Benoît B. Mandelbrot: Fractals in Science, Engineering and Finance (Roughness and Beauty) [via MIT World]

Many of you are aware of my obsession (here) (here) (here) with fractals, power law distributions, etc. and their role in understanding a variety of phenomena.  In this spirit, I recently came across this video on MIT World from the late Benoît B. Mandelbrot.  It is well worth the watch – enjoy!

How Long is the Coastline of the Law: Additional Thoughts on the Fractal Nature of Legal Systems [Repost]

Do legal systems have physical properties? Considered in the aggregate, do the distinctions upon distinctions developed by common law judges self-organize in a manner that can be said to have definable physical property (at least at a broad level of abstraction)? The answer might lie in fractal geometry.

Fractal geometry was developed in a set of classic papers by the late mathematician Benoît Mandelbrot. The original paper in the field How Long is the Coastline of Britain describes the coastline measurement problem.  In short form, the length of the coast line is a function of the size of measurement one employs.  As shown below, as the unit of measurement decreases the length of the coastline increases.  The ideas expressed in this and subsequent papers have been applied to a wide class of substantive questions. In particular, the application to economic systems has been particularly illuminating. Given recent economic events, we agree with views of the Everyday Economist arguing the applied economic theory built upon his work should have earned Mandelbrot a share of the Nobel Prize. [Check out Mandelbrot @ TED 2010]

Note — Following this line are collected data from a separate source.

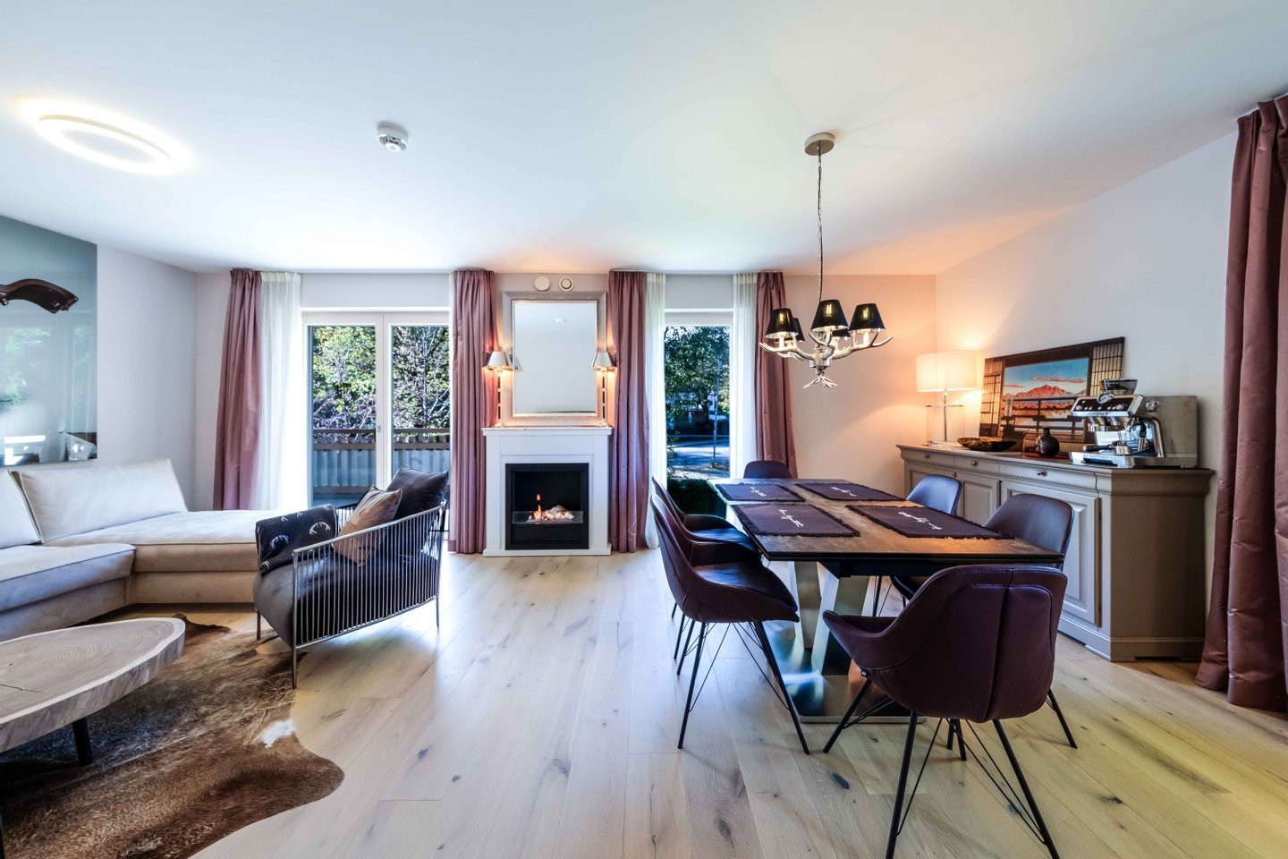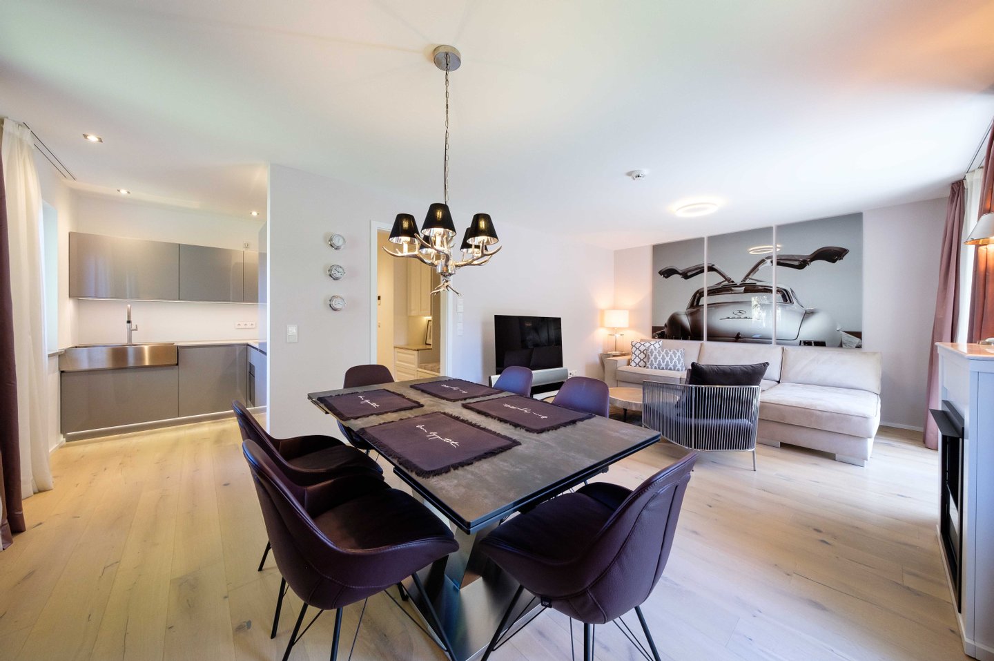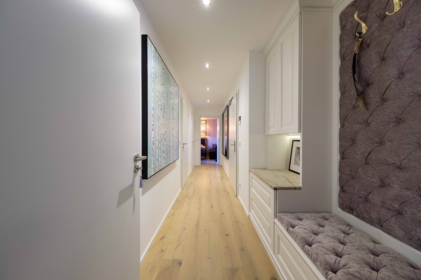 Beim Innenausbau der Wohnung wurde großer Wert auf modernen Wohnkomfort in entspannender Atmosphäre gelegt. Die Verwendung von Holzböden und feinen Textilien schaffen ein harmonisches Ambiente. Maßgefertigte Einbauschränke und eine hochwertige Einbauküche sorgen für eleganten Stauraum.
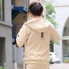 デザイン面では、フロントジップや袖口、フード紐にブランドロゴをあしらい、さりげなくも個性を引き立てるアクセントをプラス。
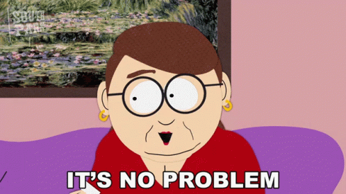 Diane Choksondik from South Park reassures with 'It's No Problem' while sitting on a purple couch.
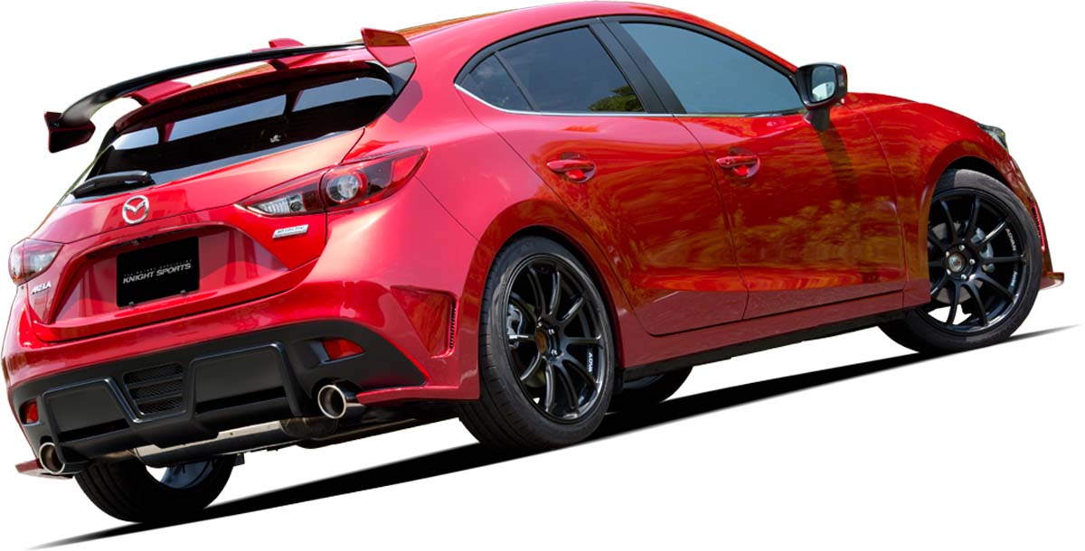 | Knight Sports版的Mazda3,前保桿以大量黑色霧面烤漆面積的設計,來凸顯改裝氣息,車尾後保桿已換成改裝部品,下半部可以明顯看到新增空力設計,車頂的尾翼也比Autoexe的大上一些,整組套件更為高調,安裝後有著更像改裝車的感覺。 |
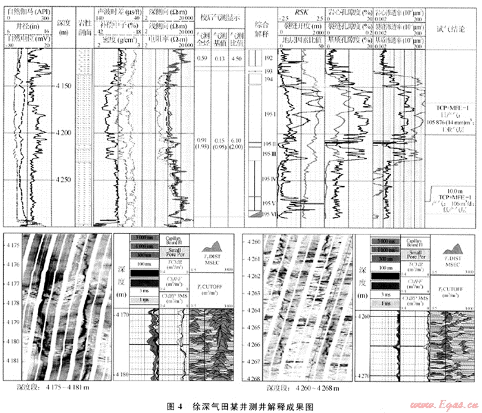 利用上述方法編制常規(guī)測井資料識別裂縫發(fā)育程度評價程序和裂縫參數(shù)計算程序,并對研究區(qū)若干井進行了計算,圖4是其中一口井的處理解釋結(jié)果:195Ⅰ層TCP+MFE-Ⅰ測試,日產(chǎn)氣105876m3,該層地層因數(shù)比值為15.6,裂縫角度指示參數(shù)為1.9,顯示該層高角度裂縫較發(fā)育,裂縫張開度1150.5μm,裂縫孔隙度0.11%,裂縫滲透率310.9×10-3μm2,F(xiàn)MI圖像顯示195Ⅰ層垂直縫和高角度縫發(fā)育,核磁測井T2分布譜顯示為30ms以上的大孔隙,表明本層裂縫提供了極好的流體滲流通道,使得儲層在自然測試時能達到高產(chǎn)。下部195Ⅴ、195Ⅵ兩層地層因數(shù)比值29.9,裂縫角度指示參數(shù)0.5,顯示該段地層發(fā)育40°~70°的傾斜裂縫,測井計算的裂縫張開度為9.8μm,裂縫孔隙度0.02%,裂縫滲透率0.002×10-3μm2,表明該段地層裂縫雖然發(fā)育,但為無效縫或裂縫的徑向延伸較淺,沒有起到溝通流體滲流通道的作用,對產(chǎn)能沒有貢獻。FMI圖像顯示195Ⅴ、195Ⅵ兩層存在誘導縫特征,徑向延伸短,裂縫開度小,是無效縫。核磁測井T2分布譜顯示小于30ms的束縛水孔隙,地層裂縫被低阻泥質(zhì)充填。該段地層經(jīng)TCP+MFE-Ⅰ測試,日產(chǎn)氣106m3。
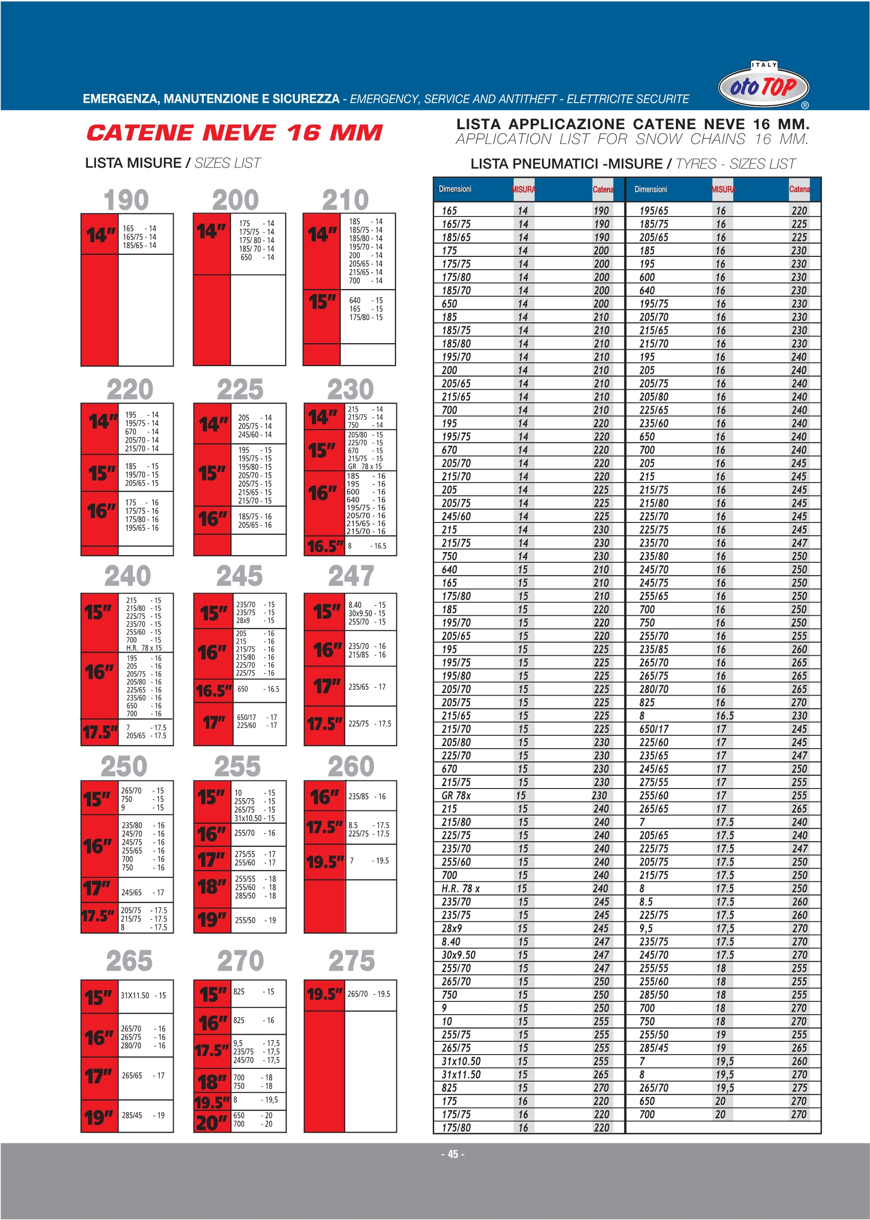 - Nuovi anelli da 9 mm per un ingombro ridotto, ideale pure per auto con abs e pneumatici larghi
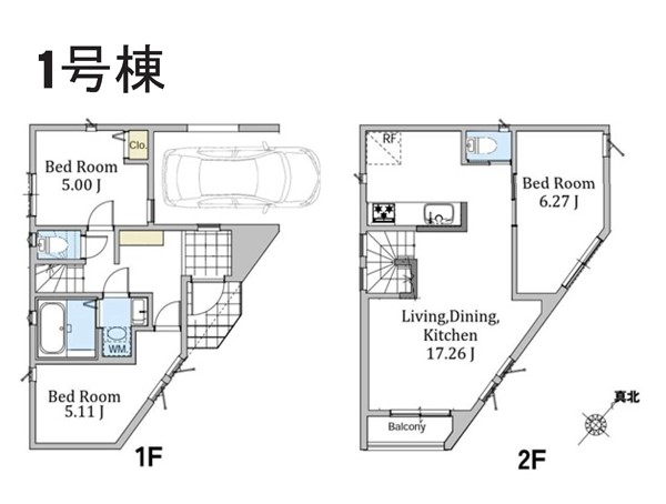 | 駐車場 | 1台 | 道路の幅員 | 1号棟:東6m |
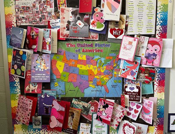 Beth Wright’s class reached an ambitious goal: Receiving valentines from all 50 states. The class also collected cards from nine nations, including Dubai, New Zealand, England, Scotland and Sri Lanka.
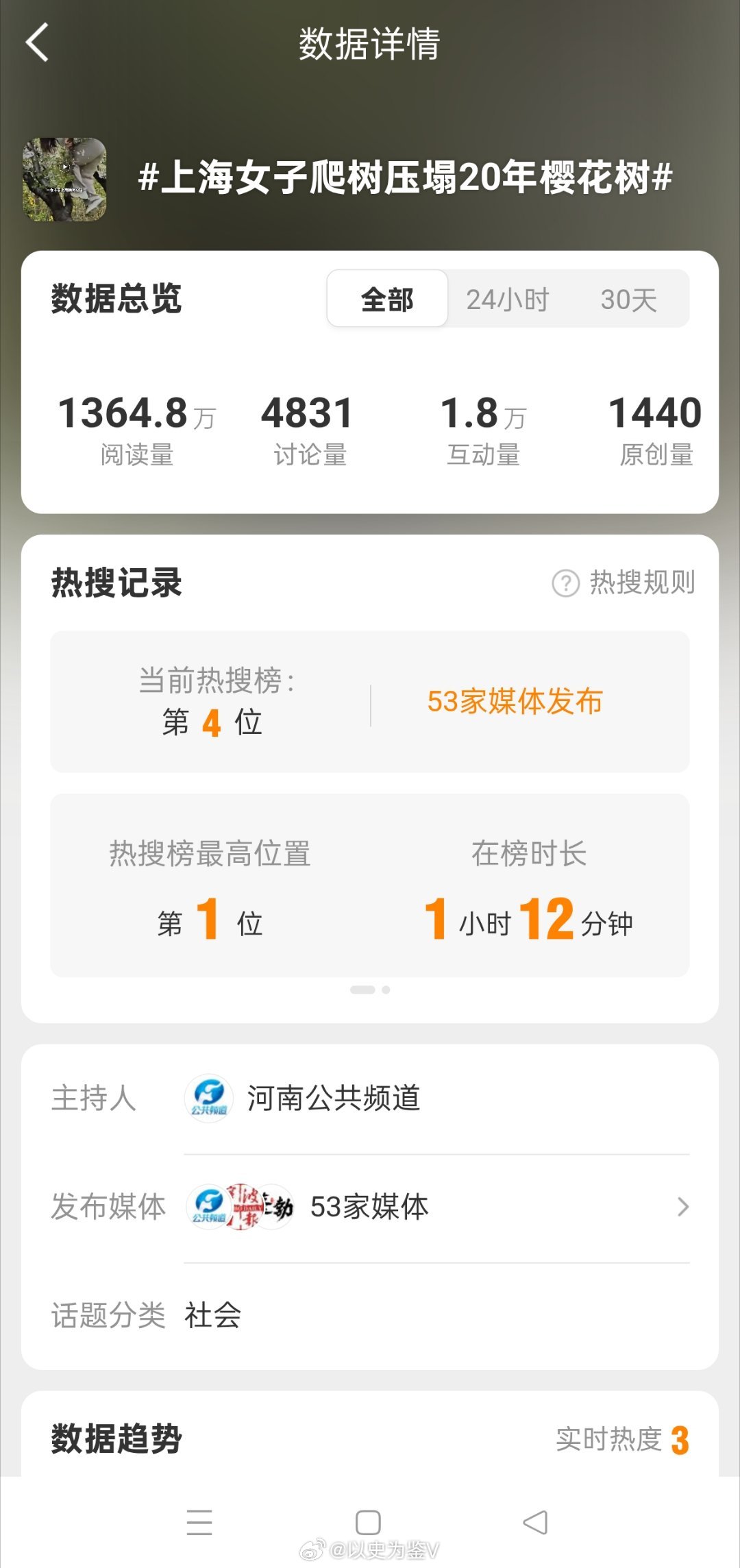 上海女子爬树压塌20年樱花树哈哈哈哈,这个新闻干到热搜第一了
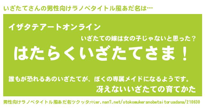 | ヒーロー風カッコイイあだ名 | 『スーパーイザタテ』『幻影騎士イザ』 |
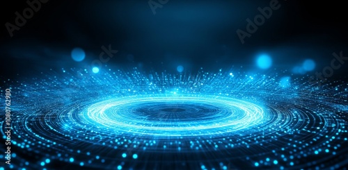 Digital data is represented on an orbit with a hi-tech HUD and particles moving forward in future technology of communication in a modern illustration.
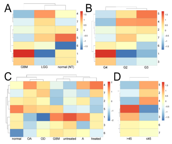 The heatmaps were elaborated to split 1898 genes into modules and ease interpretation of specific comparison. The content of the modules is summarized in Supplementary File S2. Representative modules were selected on the basis of the contrasting pattern between the groups and the level of change in expression. For tumor_type (Figure 3A), the GBM was distinguished from normal brain (abbreviated NT) using modules 5 and 6. Module 1 was chosen to explain the differences between LGG and NT. GBM and LGG demonstrated different patterns for all modules; hence, two sets were adopted for independent examination—the first set comprised modules 2, 4, 5, and 7 combined together, while the second contained modules 1, 3, and 6. For neoplasm_histologic_grade (Figure 3B), the G4 vs. G2 or G4 vs. G3 comparisons were explained using sets of modules 2 + 4 + 5 + 7 and 1 + 3 + 6. Regarding histological_type (Figure 3C), we focused on the most drastic changes: the set of modules 1 + 5 + 7 allowed astrocytoma (A) to be distinguished from both oligoastrocytoma (OA) and oligodendroglioma (OD). Additionally, using combined modules 1, 4, 5, and 6, the following comparisons were also included to identify treatment-related differences: (1) glioblastoma_multiforme combined with untreated_primary_gbm vs. normal_nervous_system; (2) glioblastoma_multiforme combined with untreated_primary_gbm vs. treated_primary_gbm; (3) treated_primary_gbm vs. normal_nervous_system. Lastly, for age_at_initial_pathologic_diagnosis, we indicated two sets of modules (1 + 3 and 2 + 4 + 5) that demonstrated opposite expression profile (Figure 3D). Henceforth, sets will be referred to as module numbers linked with “+”.
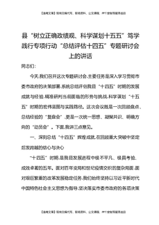 县树立正确政绩观科学谋划十五五笃学践行专项行动总结评估十四五专题研讨会上的讲话.docx
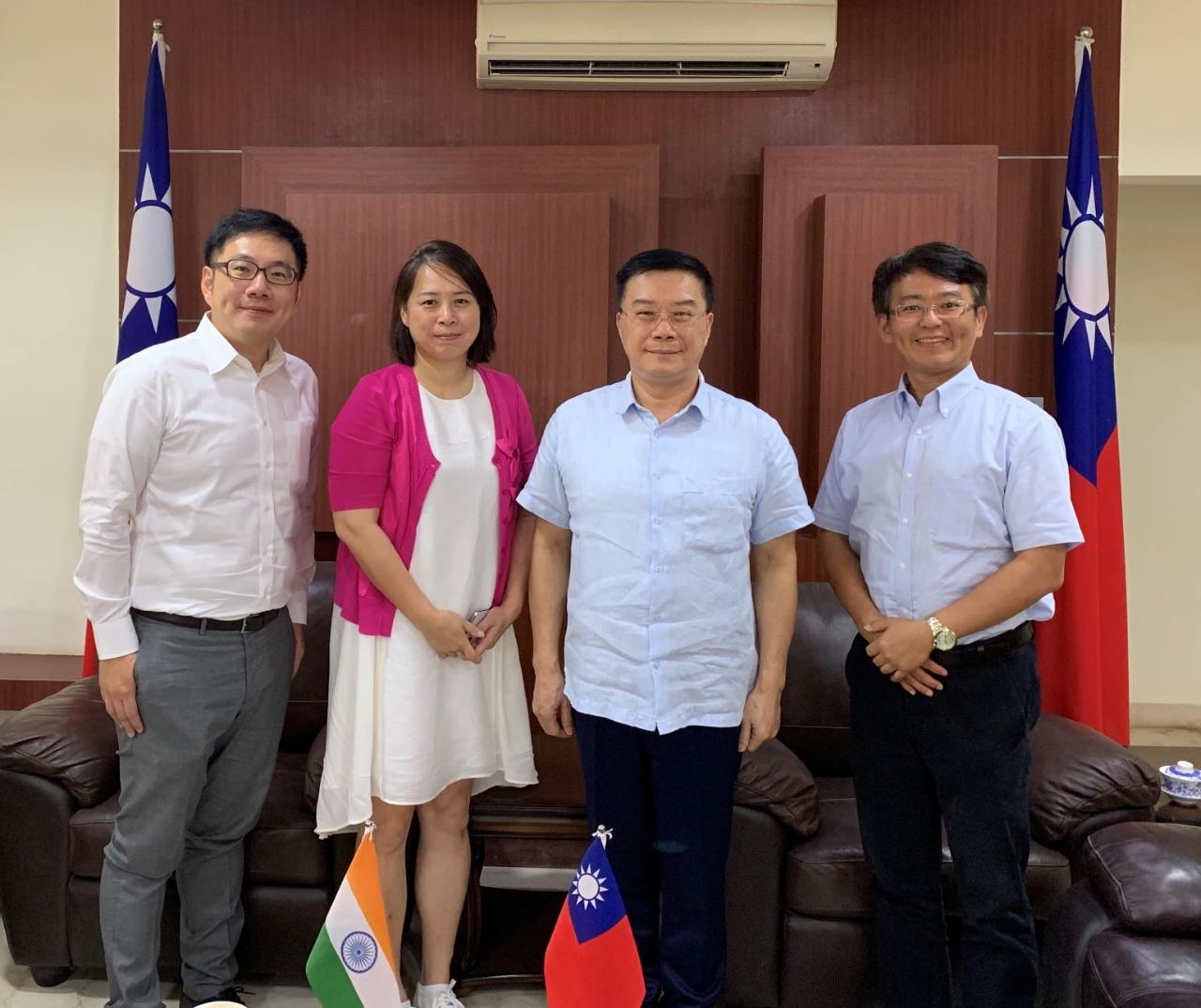 緯創資通股份有限公司(Wistron)人力資源處林惠卿經理、印度廠劉邦印廠長及陳建南財務長8月8日上午拜會駐清奈辦事處李朝成處長就印度投資環境、條件及赴臺灣之簽證程序交換資訊。
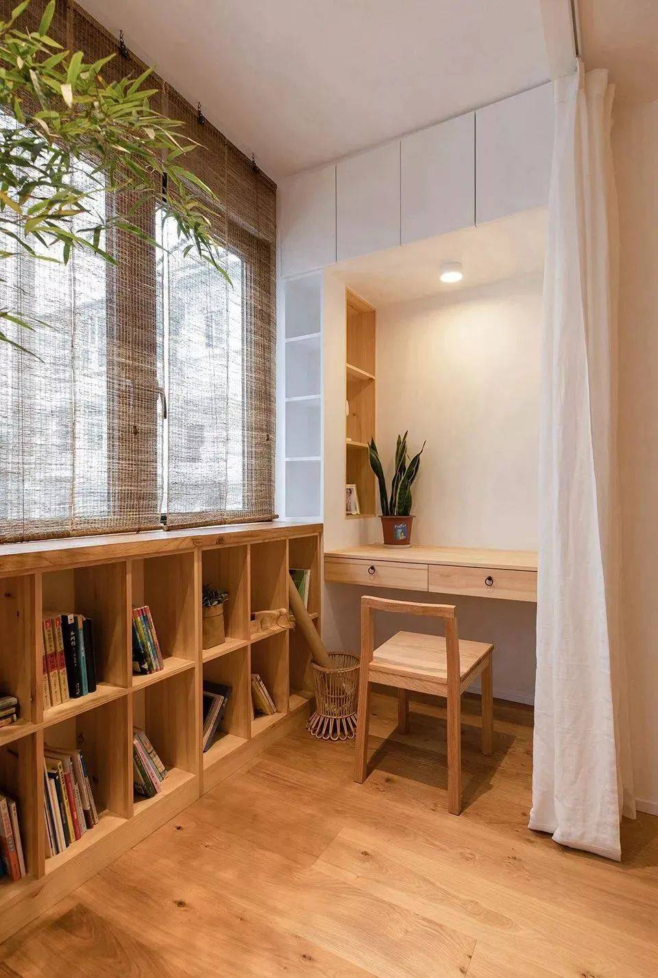 把阳台封起来,这里也可以摆放一个小书柜,平时就坐在这里看看书,岁月静好。

A more abstract fractal is the simple version of the Sierpinski triangle displayed at the top of this post. Here, there exists self similarity at all levels. Specifically, at each iteration of the model, the triangles at the tip of each of the lines replicate into self similar versions of the original triangle. If you click on the visual above, you can run the applet (provided you have java installed on your computer). {Side note: those of you NKS Wolfram fans out there will know the Sierpinski triangle can be generated using cellular automata Rule 90.}

For those who are interested in another demonstration consider the Koch Snowflake — a fractal which also offers a view of the relevant properties.  The Koch Snowflake is a curve with infinite length (i.e. there is no convergence even though it is located in a bounded region around the original triangle).  Click here to view an online demo of the Koch Snowflake.

So, you might be wondering … what is the law analog to fractals? As a first-order description of one important dynamic of the common law, we believe significant progress can be made by considering the conditions under which legal systems behave in a manner similar to fractals. For those interested, a number of important papers have discussed the fractal nature of legal systems.  While discussing legal argumentation, the original idea is outlined in two important early papers The Crystalline Structure of Legal Thought and  The Promise of Legal Semiotics both by Jack Balkin.  The empirical case began more than ten years ago in the important paper How Long is the Coastline of the Law? Thoughts on the Fractal Nature of Legal Systems by David G. Post & Michael B. Eisen. It continues in more recent scholarship such as The Web of the Law by Thomas Smith.

In our view, the utility of this research is not to adjudicate the common law to be a fractal. Indeed, there exist mechanisms which likely prevent legal systems from actually behaving as unbounded fractal.  The purpose of the discussion is determine whether describing law as a fractal is a reasonable first-order description of at least one dynamic within this complex adaptive system. While full adjudication of these questions is still an area of active research, we highlight these ideas for their important potential contribution to positive legal theory.

One thing we want to flag is the important relationship between the power law distributions we discussed in these prior posts (here and here) and the original work of  Benoît Mandelbrot. The mapping of the power law like properties displayed by the common law and its constitutive institutions is part of the larger empirical case for the fractal nature of legal systems. Building upon the prior work, in two recent papers, which are available on SSRN here and here, we mapped this property of self organization among two sets of legal elites — judges and law professors.